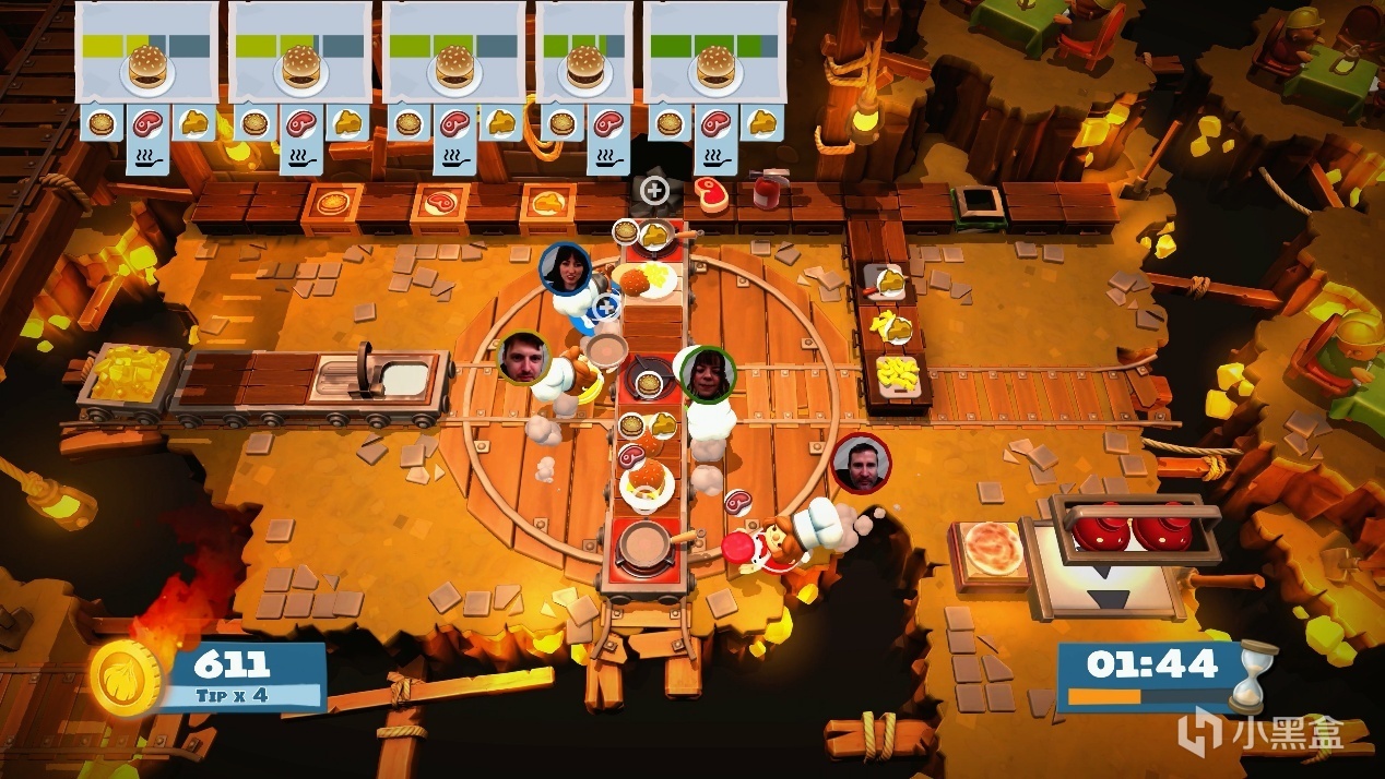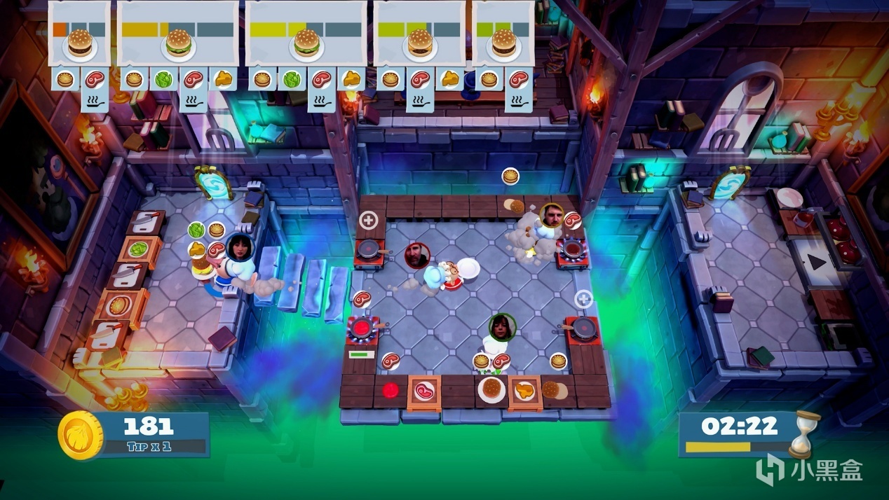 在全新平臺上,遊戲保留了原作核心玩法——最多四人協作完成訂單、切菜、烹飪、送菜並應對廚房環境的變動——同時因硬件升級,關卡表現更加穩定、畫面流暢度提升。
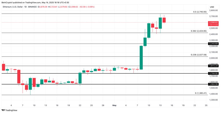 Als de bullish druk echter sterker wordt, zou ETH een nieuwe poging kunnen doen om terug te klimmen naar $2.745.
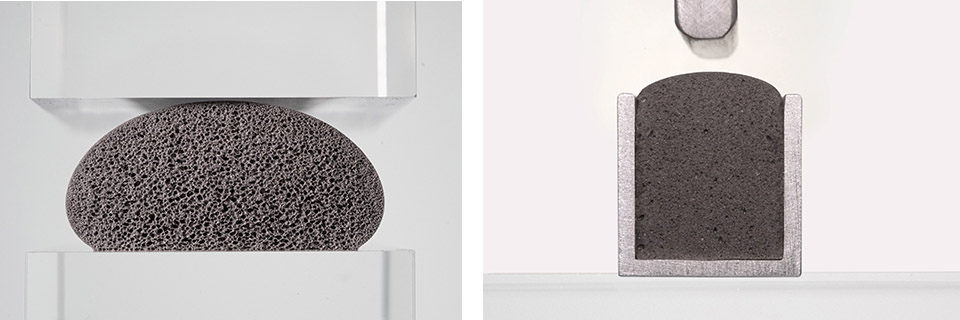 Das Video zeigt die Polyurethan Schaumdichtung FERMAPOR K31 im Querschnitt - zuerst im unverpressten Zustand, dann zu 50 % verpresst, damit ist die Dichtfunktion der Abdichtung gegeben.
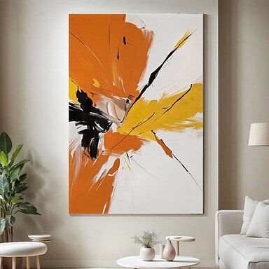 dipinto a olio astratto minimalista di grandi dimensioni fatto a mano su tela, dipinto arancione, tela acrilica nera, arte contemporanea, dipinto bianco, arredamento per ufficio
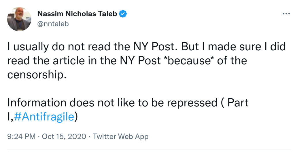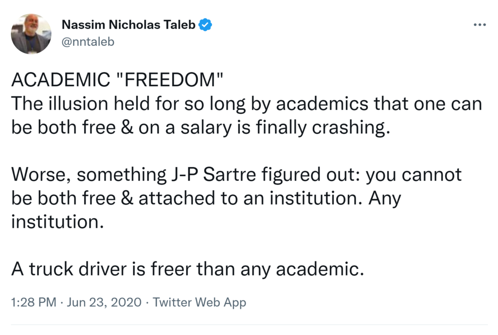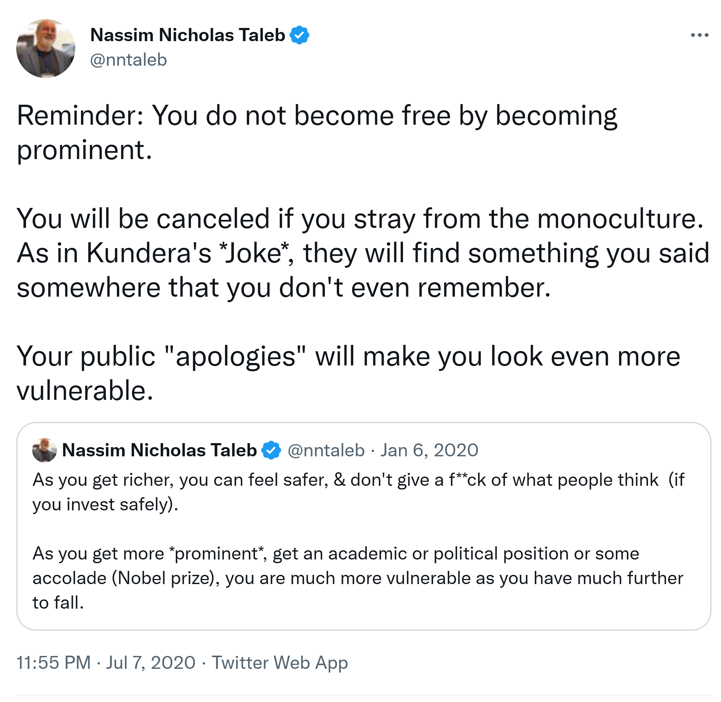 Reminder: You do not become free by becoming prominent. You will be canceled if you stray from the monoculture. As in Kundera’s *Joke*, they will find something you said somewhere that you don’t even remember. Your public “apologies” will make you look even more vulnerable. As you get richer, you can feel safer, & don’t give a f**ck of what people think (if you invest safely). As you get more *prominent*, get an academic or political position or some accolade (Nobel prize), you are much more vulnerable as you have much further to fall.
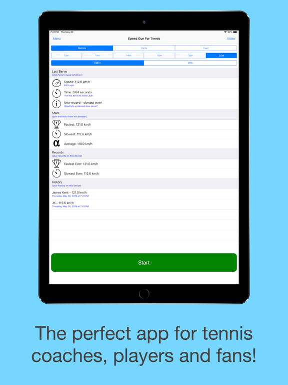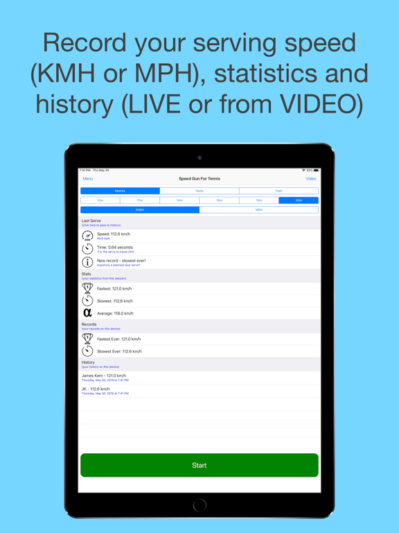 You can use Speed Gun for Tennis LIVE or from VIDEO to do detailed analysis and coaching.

-----

Task to complete: Write out verbatim the lines from the one containing "Das Video zeigt" through the last line of the listing above, and no other lines; omit pictures.

Answer for this exercise:
 Das Video zeigt die Polyurethan Schaumdichtung FERMAPOR K31 im Querschnitt - zuerst im unverpressten Zustand, dann zu 50 % verpresst, damit ist die Dichtfunktion der Abdichtung gegeben.
 dipinto a olio astratto minimalista di grandi dimensioni fatto a mano su tela, dipinto arancione, tela acrilica nera, arte contemporanea, dipinto bianco, arredamento per ufficio
 Reminder: You do not become free by becoming prominent. You will be canceled if you stray from the monoculture. As in Kundera’s *Joke*, they will find something you said somewhere that you don’t even remember. Your public “apologies” will make you look even more vulnerable. As you get richer, you can feel safer, & don’t give a f**ck of what people think (if you invest safely). As you get more *prominent*, get an academic or political position or some accolade (Nobel prize), you are much more vulnerable as you have much further to fall.
 You can use Speed Gun for Tennis LIVE or from VIDEO to do detailed analysis and coaching.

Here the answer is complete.